Really I just need to keep record of were I am, yes weight has been an issue for me. Not that I ever want to be as thin as I once was because really that was just unhealthy. At the same time I am not happy with my size now. 140 at my lowest and thinnest and 240ish at my heaviest. I am a stress eater. It's a vicious cycle one I just need to break. I stopped weighing myself around May and I know I went way up probably more than I thought. The upside to being homeless and staying with friends I don't have the money to eat out and that is going to change your eating habit. Also J & D eat a lot better than I do. Well D does, J just has to hide the snack foods. So with that I know my caloric intake has been much lower since October. It's one thing to eat a large pizza when you are the only one watching but when there are spectators you feel the shame more.
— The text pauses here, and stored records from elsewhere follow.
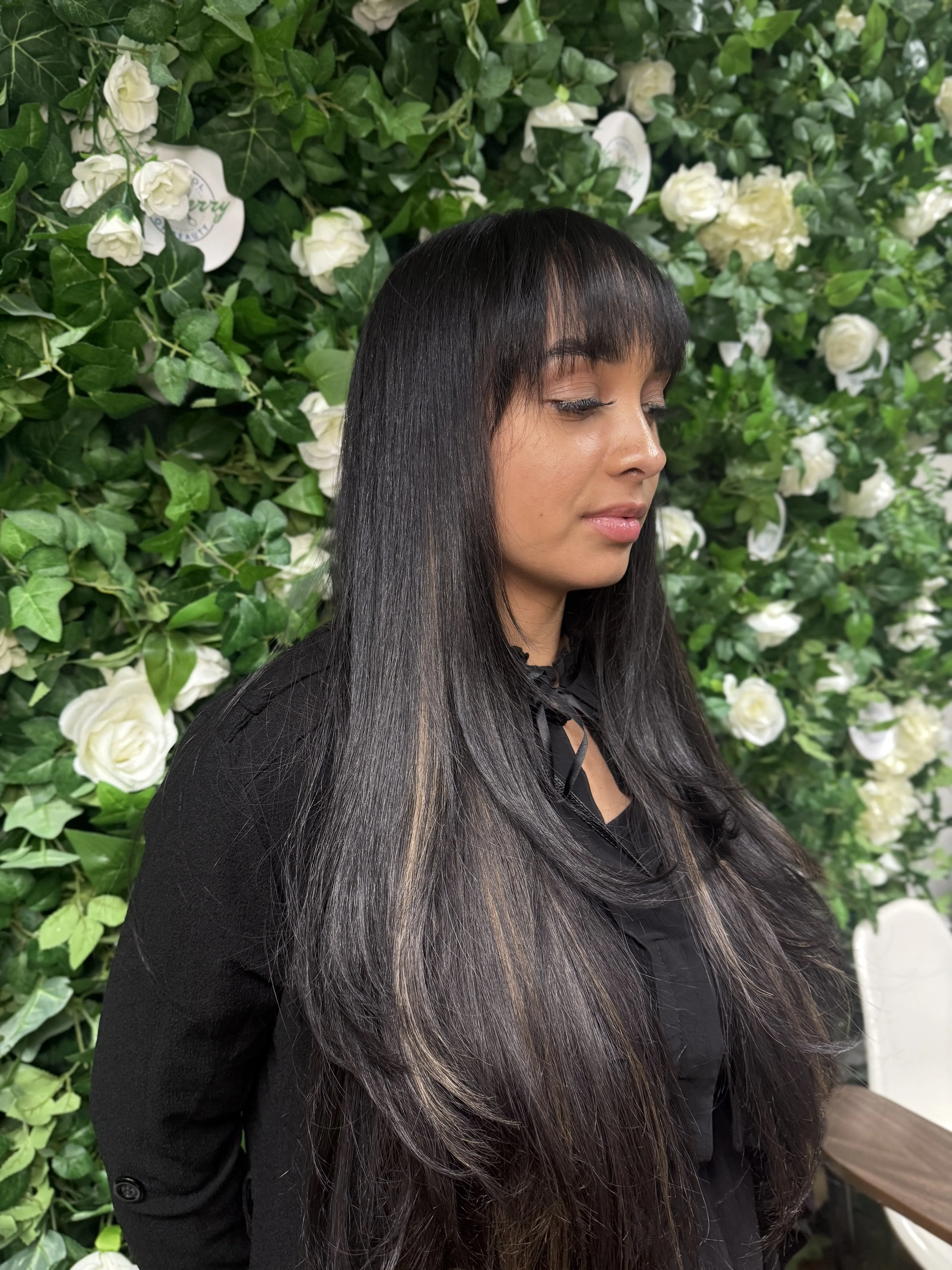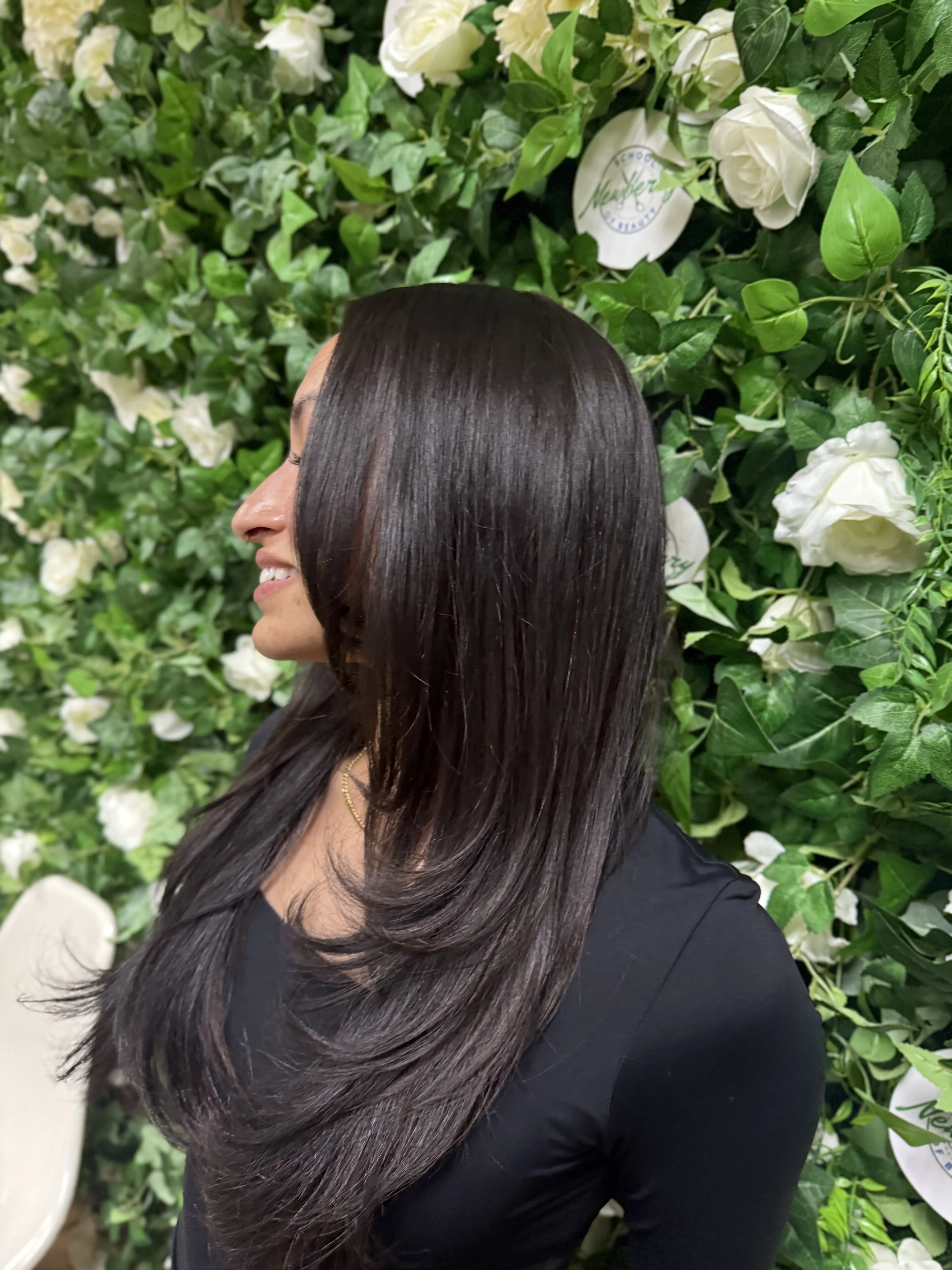 Includes wash, treatment, blow dry, and flat iron for smooth, long-lasting shine. For textured hair, achieved using a silk press technique that enhances gloss and movement. Includes a maintenance trim for healthy ends. (For full reshaping, book the Silk Press + Cut service.)
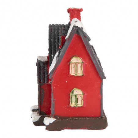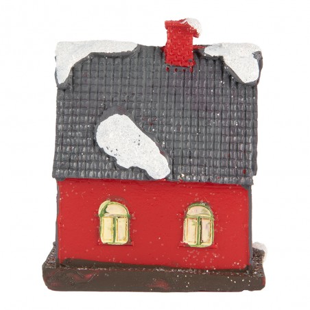 Casetta natalizia rossa con tetto in mattoni coperto di neve.
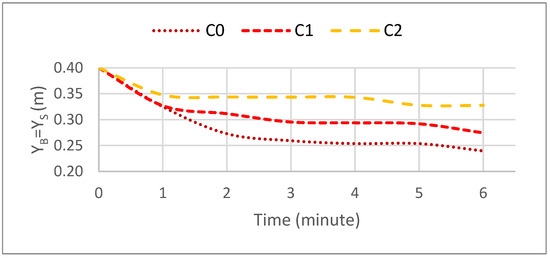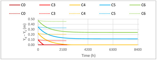 Figure 11 shows the time evolution of the berm width for each scenario (C0 and C3 to C6), based on the calculations performed by the numerical model. In the CS-Model, a nonlinear decrease in berm width over time is observed, tending to converge toward equilibrium. At the model scale, berm width decreased from 10 cm to 8 cm, from 22.50 cm to 20.50 cm, from 35 cm to 33 cm, and from 47.50 cm to 45.55 cm for scenarios C3 to C6, respectively. At the prototype scale, the berm width also decreased from 10 cm to 0 cm, from 22.50 cm to 0 cm, from 35 cm to 11.63 cm, and from 47.50 cm to 24.13 cm, according to scenarios C3 to C6, respectively. Therefore, the variations at the prototype scale are more significant. The results from the CS-Model at the model scale show similar differences from the beginning to the end of the simulation across all scenarios, with the berm width becoming null in scenarios C3 and C4.
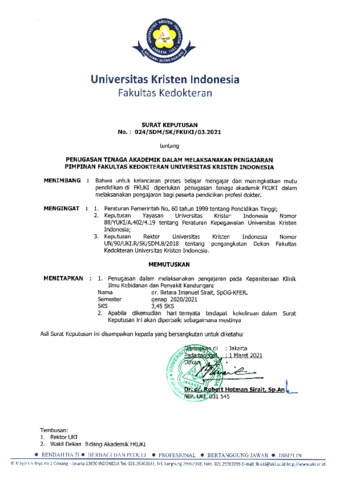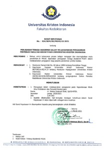 Sirait, Batara I. (2021) Surat Keputusan tentang Penugasan Tenaga Akademik dalam Melaksanakan Pengajaran Pimpinan Fakultas Kedokteran Universitas Kristen Indonesia. UKI. (Unpublished)
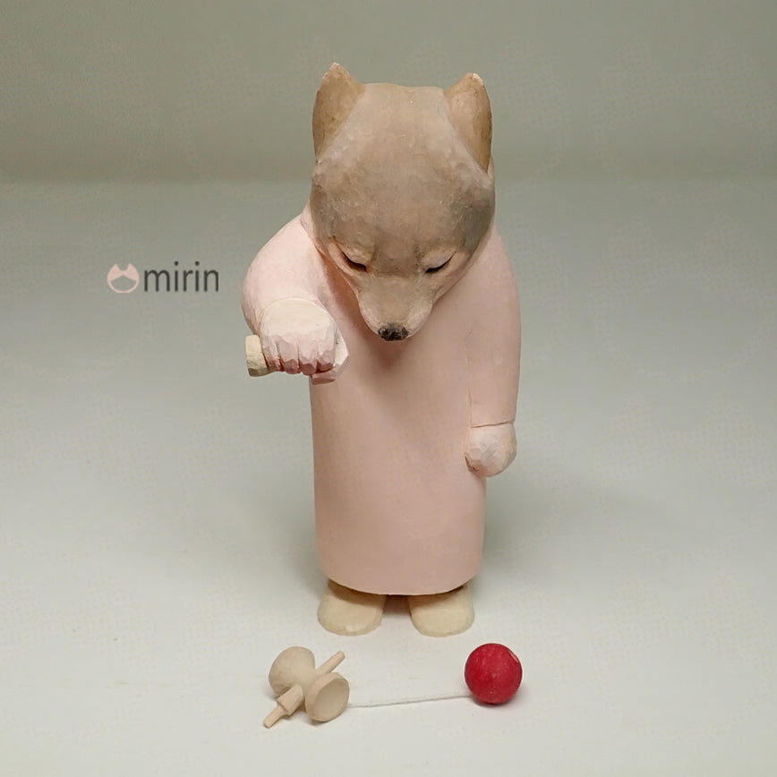 素材はヒノキ(一部竹、木綿糸)、着彩はアクリル絵の具です。

So back to time line at Christmas I started weighing myself again and I was at 238lbs. At the start of January I was at 235. I am today at 229. I am not even going to set a goal. I am just going to ride this and see where it takes me. I do miss biking and that will help when I can get back to that. But in the mean time I am just going to continue the habit and see what happens. I do miss feeling better in my own skin. I have always felt I was over weight even when I was super skinny but it wasn't a constant like it has been for the last 8 years.
So who wants qdoba?
1 week ago
1 comment:
I miss you.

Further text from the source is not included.